Steel sheets having the chemical composition shown in Table 11 were produced by the converter-continuous casting process or the sheet bar caster process. In the converter-continuous casting process, a sheet bar of 20 to 30 mm in thickness was obtained through rough rolling after heating and soaking at 1,100 to 950°C.

[0113] These sheet bars were each converted into a thin steel sheet of 0.8 to 1.2 mm in final thickness by using six rows of continuous finish rolling mills. Rolling at a high strain rate was carried out under application of tension by using the final two rows of the rolling mills. The rolling conditions and the material characteristics after the continuous annealing (soaking temperature: 750 to 810°C) are shown in Table 12. Steel No. 13 was subjected to overaging treatment at 400°C for 2 minutes as the continuous annealing conditions after soaking.

[0114] According to the present invention, thin steel sheets having excellent ridging resistance with small planar anisotropy while exhibiting the high elongation and r-value can be obtained by rolling at a high strain rate under application of tension. Thus, the conventional cold rolling step can not only be omitted, but also the sheet bar caster process and the strip caster process can be applied to the materials to be rolled. Therefore, the production steps of the formable thin steel sheets can be simplified.

[0115] Steel Nos. 17-20:

Steel sheets having the chemical compositions shown in Table 13 were produced by the converter-continuous casting process or the sheet bar caster process. In the converter-continuous casting process, a sheet bar of 20 to 30 mm in thickness was obtained through rough rolling after heating and soaking at 1,100 to 950°C.

[0116] These sheet bars were each converted into a thin steel sheet of 0.2 to 0.8 mm in final thickness by using six rows of continuous finish rolling mills. Rolling at a high strain rate was carried out by using the final row of the rolling mill. The rolling conditions and the material characteristics after the continuous annealing (soaking temperature: 750 to 810°C) are shown in Table 14. Steel No. 17 was subjected to overaging treatment at 400°C for 2 minutes as the continuous annealing conditions after soaking.

[0117] According to the present invention, thin steel sheets having excellent ridging resistance with excellent phosphate coating property while exhibiting the high elongation and r-value can be obtained by rolling at a high strain rate.

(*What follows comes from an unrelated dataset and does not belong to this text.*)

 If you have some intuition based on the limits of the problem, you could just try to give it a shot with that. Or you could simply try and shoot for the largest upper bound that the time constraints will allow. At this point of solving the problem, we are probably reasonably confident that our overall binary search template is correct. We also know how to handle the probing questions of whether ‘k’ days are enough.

Thus, the conventional cold rolling step can not only be omitted, but also the sheet bar caster process and the strip caster process can be applied to the materials to be rolled. Therefore, the production steps of the formable thin steel sheets can be simplified.

[0118] Steel Nos. 21-24:

Steel sheets having the chemical compositions shown in Table 15 were produced by the converter-continuous casting process or the sheet bar caster process. In the converter-continuous casting process, a sheet bar of 20 to 30 mm in thickness was obtained through rough rolling after heating and soaking at 1,100 to 950°C.

[0119] These sheet bars were each converted into a thin steel sheet of 0.9 to 0.7 mm in final thickness by using six rows of continuous finish rolling mills. Rolling at a high strain rate was carried out by using the final row of the rolling mill. The rolling conditions and the material characteristics after the continuous annealing (soaking temperature: 750 to 810°C) are shown in Table 16. Steel No. 21 was subjected to overaging treatment at 400°C for 2 minutes as the continuous annealing conditions after soaking.

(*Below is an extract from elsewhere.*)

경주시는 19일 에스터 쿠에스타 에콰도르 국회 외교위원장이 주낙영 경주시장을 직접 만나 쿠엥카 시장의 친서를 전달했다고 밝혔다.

[0120] According to the present invention, thin steel sheets having excellent ridging resistance while exhibiting excellent strength-elongation balance and r-value can be obtained by rolling at high strain rate. Thus, the conventional cold rolling step can not only be omitted, but also the sheet bar caster process and the strip caster process can be applied to the materials to be rolled. Therefore, the production steps of the formable thin steel sheets can be simplified.

[0121] Steel Nos. 25--27:

Steel sheets having the chemical compositions shown in Table 17 were produced by the converter-continuous casting process or the sheet bar caster process. In the converter-continuous casting process, a sheet bar of 20 to 30 mm in thickness was obtained through rough rolling after heating and soaking at 1,100 to 950°C.

[0122] These sheet bars were rolled at a high strain rate at the sixth stand of six rows of continuous finish rolling mills and coiled. The resultant product was subsequently subjected to annealing (soaking temperature: 750 to 810°C) and continuous hot metal dipping in a continuous hot metal (Zn, Al, Pb) dipping line without being pickled.

[0123] The rolling conditions and the material characteristics after the skin pass rolling at 0.5 to 1.2% are shown in Table 18.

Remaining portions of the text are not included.